-¿Estás seguro?
-Por supuesto Javier.
-Yo no estaría tan seguro.
-Que sí. Es de origen cubano. Estoy totalmente seguro. -Me dijo con aires de suficiencia y amagando a medias una neutra sonrisa-.
-Apostaría algo a que te confundes…
-No, Javier. Es cubano. -Me interrumpió con cierta impaciencia-.
-Y qué más da cubano o mejicano! -Terció Ana en ese momento para relajar el ambiente-. ¿Al fin o al cabo son latinoamericanos no?
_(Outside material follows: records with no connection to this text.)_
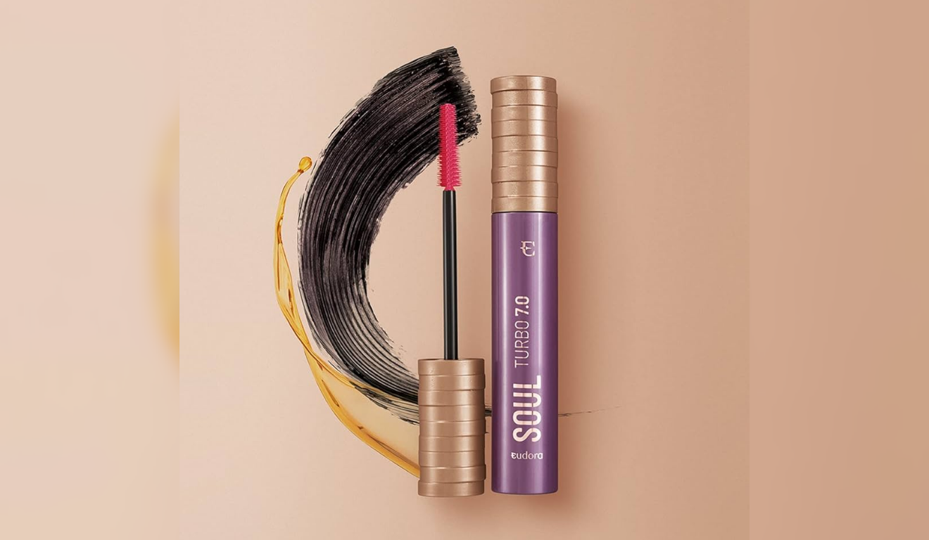 A linha Soul da Eudora apresenta a máscara Super Curl, desenvolvida para alongar os fios de forma visível. O diferencial está na escova curva, que ajuda a levantar e curvar os cílios desde a raiz. Essa característica proporciona efeito de “cílio de boneca”, com curvatura natural e abertura do olhar.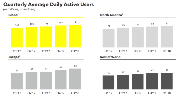 财报显示,该季度Snapchat的日均活跃用户数仅为1.91亿,虽略高于上一季度的1.87亿,但增长率却跌至2.13%;作为比较,2017年第四季度,Snapchat的日活增长率为5.05%。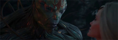 Indeed, it’s interesting to contrast Kirby’s very distinctive design of the Celestials with that used in the film. Kirby’s design is very sleek and smooth, all strong lines and clear curves. In contrast, Zhao makes a point to emphasise the tactility of these gigantic computer-generated entities. Arishem the Judge looks like he has been carved out of stone, his facade marked by blemishes and craters, as if his veneer has been scratched and cracked through millennial contemplating the cosmos. It’s not that one approach is better than the other, it’s that Zhao shoots this creature like it is part of this natural world.
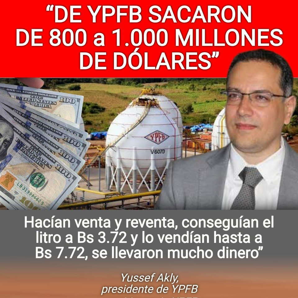 “De YPFB sacaron de 800 a 1.000 millones de dólares”. Corrupción. “Por venta y reventa de combustibles”.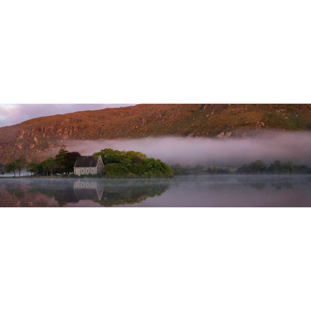Morning mists rise above a calm Gougane Barra.

-No es lo mismo, aunque estén próximos. Y además musicalmente no tienen nada que ver.
-Aclaré tajante-.
-Tengo una idea Ana. Si están tan seguros y ninguno parece aceptar moverse un milímetro de su posición inicial. ¿Por qué no apuestan una cena? -Sugirió Isabel con una sonrisa de complicidad-.
-Buena idea. Así tanto si está en lo cierto uno u otro, nosotras dos salimos ganando.
-Por mí no hay problema. Estoy absolutamente seguro de estar en lo cierto. Aunque me parece un abuso apostarme algo a sabiendas que lo voy a ganar.
-Javier hazme caso. No te confundas. Vas a pagar una cena para cuatro. Y te va a salir cara.
-Bien, parece que no hay marcha atrás. -Dije parco, mientras hacía tintinear los cubitos de hielo en el ancho y grueso vaso de cristal-.
-La cena ha de ser en Vía Véneto por lo menos. -Añadió con sobriedad Pablo, que en ese preciso momento había dejado de chasquear la lengua para dar mayor solemnidad al anuncio-.
Los tres se volvieron hacia mí y esperaron expectantes mi respuesta.
-¡Hecho! -Solté al cabo de unos segundos que me parecieron eternos-.
-¡Bien! -Festejaron Ana e Isabel- .
-De acuerdo. Vamos a preguntar al camarero, pues es probable que lo sepa. -Dije, esbozando una sonrisa triunfadora-.
En esos momentos sonaban con fuerza unos acordes de guitarra inolvidables que me hicieron evocar tiempos de añoranza y avanzar con firmeza:
-Venga! Ya pregunto yo.
-Anda Javier. Cómo lo va a saber el camarero. -Protestó Pablo con una seguridad impostada-.
-Está bien. Si muestra la menor de las dudas, seguiremos preguntando a otras personas hasta dejar meridianamente clara la respuesta correcta. -Respondí para concitar la unanimidad-.
-Sí, claro. Y nos vamos a fiar de las respuestas de cualquiera. ¿Qué grado de fiabilidad otorgaremos a cada una de ellas? ¿Y qué peso aplicaremos para dilucidar el resultado final? -Contraatacó Pablo para enfriar la propuesta-.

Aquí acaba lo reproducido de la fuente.